Attorney General Carr praised the work of investigators.

“The hospice benefit provided by Medicaid is especially reserved for terminally ill Georgians at a critical time of transition in their care,” said Carr.  “Our office is proud to have worked alongside the U.S. Attorney’s Office for the Northern District of Georgia in this effort, and we will continue to ensure the hospice benefit is not exploited and abused by health care providers to the detriment of Georgia taxpayers.”

STG Healthcare, doing business as Interim Healthcare of Atlanta, operated a hospice business serving the Atlanta area.  The Medicaid Fraud Division of the Georgia Attorney General’s Office in conjunction with the U.S. Attorney’s Office for the Northern District of Georgia investigated allegations that STG Healthcare falsely billed the Georgia Medicaid program for hundreds of claims beginning in 2013.
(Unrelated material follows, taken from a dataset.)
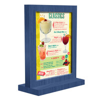 Bring some style and flair to your tabletop presentation with this Menu Solutions WTFR-A-2S true blue framed wood menu tent. The angled base ensures the tent remains upright while also adding a subtle flair to the framed design. This sleek menu tent features an attractive true blue color and an easy-to-clean wooden surface. It's great for contemporary restaurants and bars, and is perfect for presenting menus, wine lists, and daily specials with ease.

“Hospice is not a blank check for unscrupulous medical providers willing to admit patients who are not terminally ill,” said U.S. Attorney Byung J. “BJay” Pak. “It is reserved for those who truly need it.  We will also continue to prioritize cases where it appears that a medical decision, especially the decision to forego curative treatment, has been influenced by a kickback.”

The settlement resolved allegations that STG Healthcare submitted claims from 2013 to 2017 for patients who were ineligible for hospice care. The Medicaid hospice benefit is available for patients who have a life expectancy of six months or less. Also resolved were allegations that STG Healthcare unlawfully paid a physician in exchange for patient referrals to STG Healthcare’s hospice program.  The claims resolved by the settlement are allegations only, and there has been no determination of liability.

Georgia Medicaid Fraud Division Nurse Investigator Nancy Dickerson played a pivotal role in the investigation along with Investigators Laura Soto and Tonia Medlin. Chief Investigative Auditor Denise Colson also assisted in the investigation. The State of Georgia was represented by Assistant Attorneys General Sara Vann and Rick Tangum and former Assistant Attorney General Elizabeth White.  The United States was represented by Assistant U.S. Attorney Austin Hall.